At 04:17 PM 3/16/2010, Jed Rothwell wrote:
Ed Storms sometimes reads the messages here, but some technical glitch prevents him from responding. He wrote a response to this thread in a fit of pique:

Sorry, Dr. Storms. Perhaps we'll all be able to sit down to some tea or something like that, in the near future.

This discussion is totally irrelevant and pointless. The issue was resolved years ago. This is like discussing whether the earth goes round the sum or the reverse. Reaction of oxygen with deuterium in a closed cell has no effect on the results no matter where it occurs and reaction at the metal surface does not produce enough local energy to cause any change in the material. If this energy could destroy the surface, all catalysts containing nano particle Pd on which this reaction is made to occur would crease functioning because the nano particle would be destroyed, which does not happen.
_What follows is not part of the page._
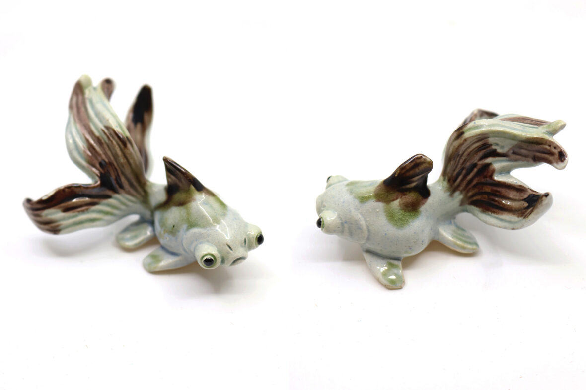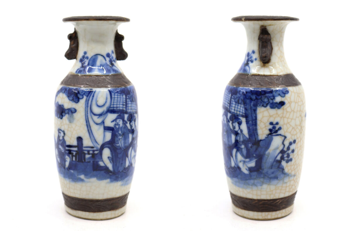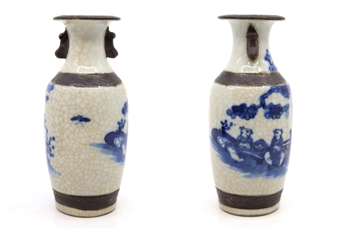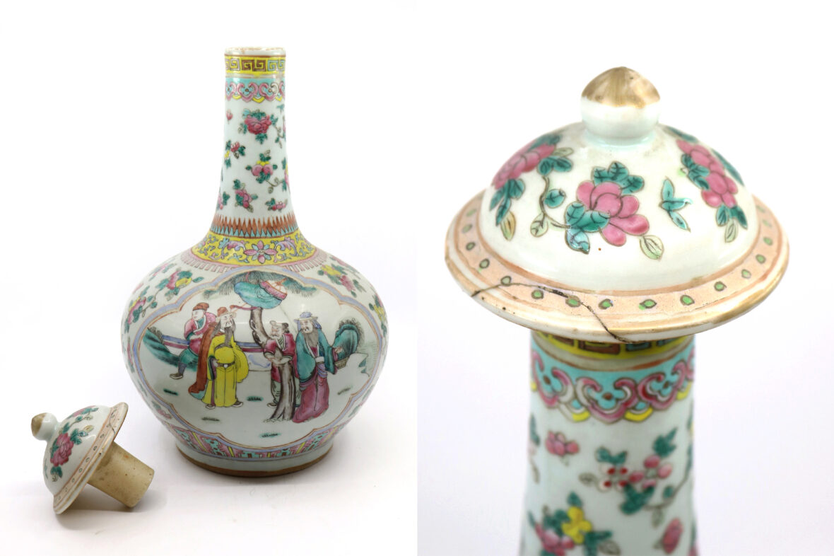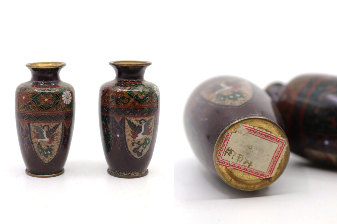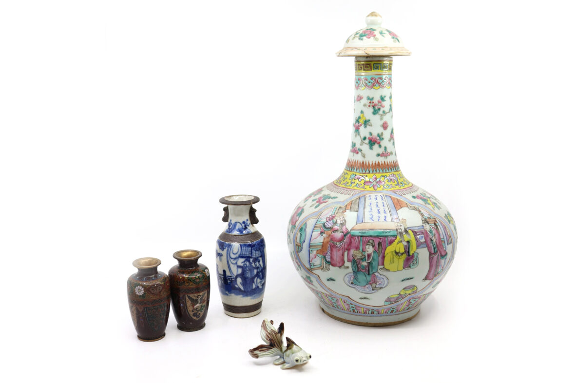 On y joint une paire de petits vases en cloisonné (Haut. : 9 cm), un petit vase à décor blanc bleu (Haut. : 15 cm ) et une carpe chinoise en porcelaine (Long. : 6,5 cm).
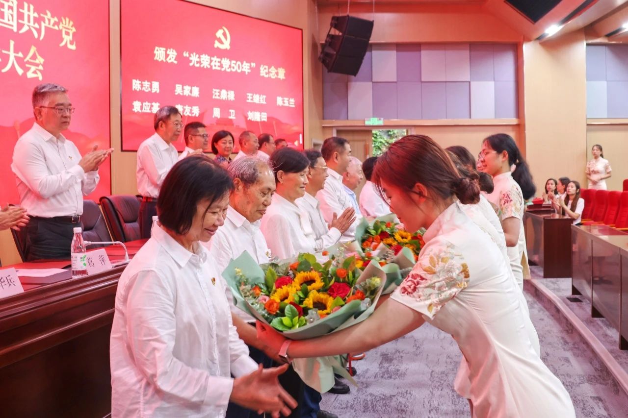 校党委副书记冯跃林主持大会。出席大会的领导向安博平台及各附属医院党龄达50年的老党员颁发“光荣在党50年”纪念章。陈志勇、吴家廉、汪鼎禄、王继红、陈玉兰、袁应基、唐友秀、周卫、刘隆田等9名“光荣在党”50年的老党员代表在现场获颁纪念章。

This issue comes up only because of total ignorance and it should be answered in the same way as if a person suggested the moon was made of cheese.

Ed

Ed, it takes all kinds. This was questioning by Rich Murray, who has been away from the field for a decade or so. That's he's even considering that cold fusion might be real -- and he is -- is very much a good thing. He needs some space to come up with the obvious criticisms. I think he appreciated that his idea was taken seriously and responded to in detail. And that's also how we should respond to anyone who comes here with the old mistakes. You know and I know that some really stupid ideas somehow came to be widely accepted. Now, if we tell people how stupid they are, we are probably wrong. There was probably some social force that trapped these people, we might have been trapped ourselves if we had started out in a different position. Cut them some slack, as you would have had them cut you some slack.

He was right, almost certainly, about the electric field thing, after all. At least that's a much more cogent criticism. Could there be some non-nuclear explanation, then, of the pitting? Maybe. If I'm willing to accept that our theoretical understanding, twenty years ago, was inadequate to understand how nuclear reactions could possibly be taking place in the lattice, I must also be willing to accept that our theoretical understanding of the chemical possibilities in one of these cells might be similarly defective now.

I'll be looking for pitting and light emissions from hot spots, but I don't imagine that these will necessarily prove that nuclear reactions are taking place. The most definitive and informative evidence would be heat and helium, but heat is not so easy to measure well, especially in a very small cell, I suspect, and helium is likewise quite complex to handle and measure. For me, the big game is neutrons, even though I know very well that neutrons are a small part of the picture, i.e., any neutrons are probably from secondary reactions. They just happen to be, if a gold codep cathode emits neutrons as commonly as we see from SPAWAR results, the easiest target. I'm looking for light emissions (and acoustical signals) because these are easy to monitor during the cell operation, and if I'm lucky, I'll find immediate signals that correlate with the formation of NAE, giving me more of a handle on what's going on in the cell. What if I find, for example, that there is a correlation between these accessory effects and neutron radiation? I'd have, then, a way to estimate the nuclear activity that is producing the neutrons immediately. Later work might establish correlations with excess heat and helium or other reaction products. But first things first. Just finding neutrons will make me hopping happy.

Neutrons in my kitchen? See, Dr. Storms, I thought I would be a nuclear physicist when I was in high school, and that was my initial plan, going to Caltech, sitting with Feynmann and Pauling. I dropped it pretty quickly, other aspects of life beckoned quite alluringly. But now I'm coming full circle. It wasn't all for nothing.

I don't expect to find much, if anything, that's new. You and other pioneers covered a lot of territory, we who follow behind will always be grateful to you and all the difficulties you faced. I'm trying to nail down some stuff, making it fully and easily and widely replicable. Simple stuff. Wish me luck. The biggest problem, in fact, is my own inertia.